# [Directions for this task]
Beginning with the line that includes "JORDAN CRUEL Champion", return every remaining line of the material exactly as it reads, but not the pictures.

# [Information shown]
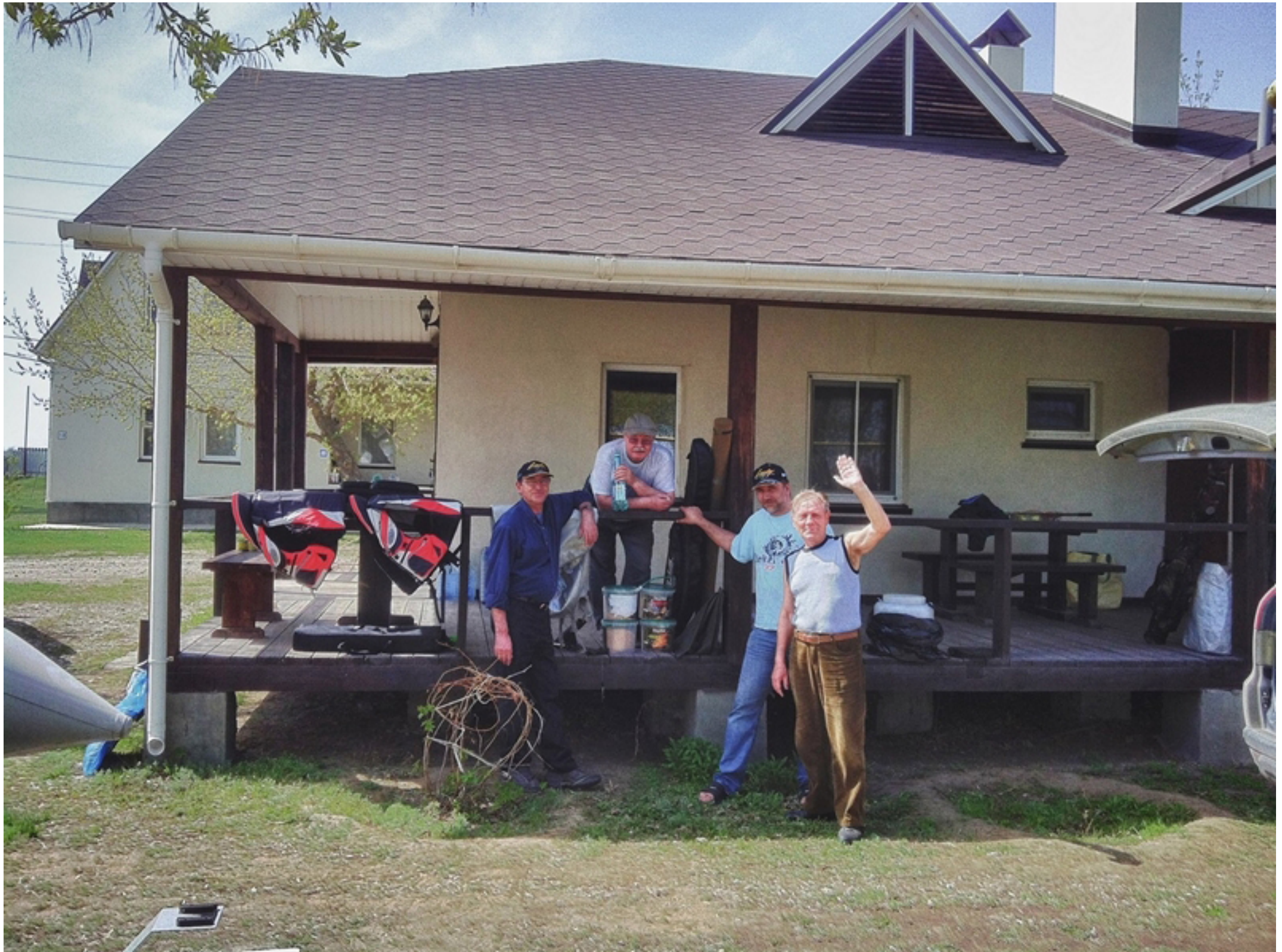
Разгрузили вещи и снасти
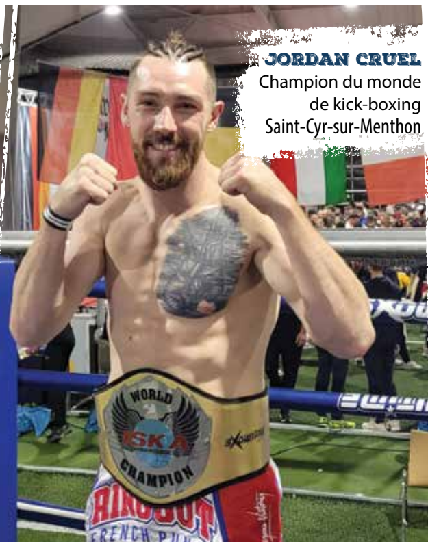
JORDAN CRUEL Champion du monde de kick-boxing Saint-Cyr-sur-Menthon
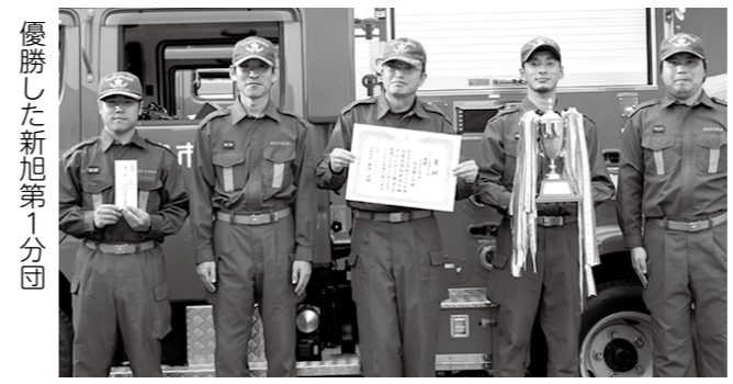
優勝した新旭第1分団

# [Output for this task]
JORDAN CRUEL Champion du monde de kick-boxing Saint-Cyr-sur-Menthon
優勝した新旭第1分団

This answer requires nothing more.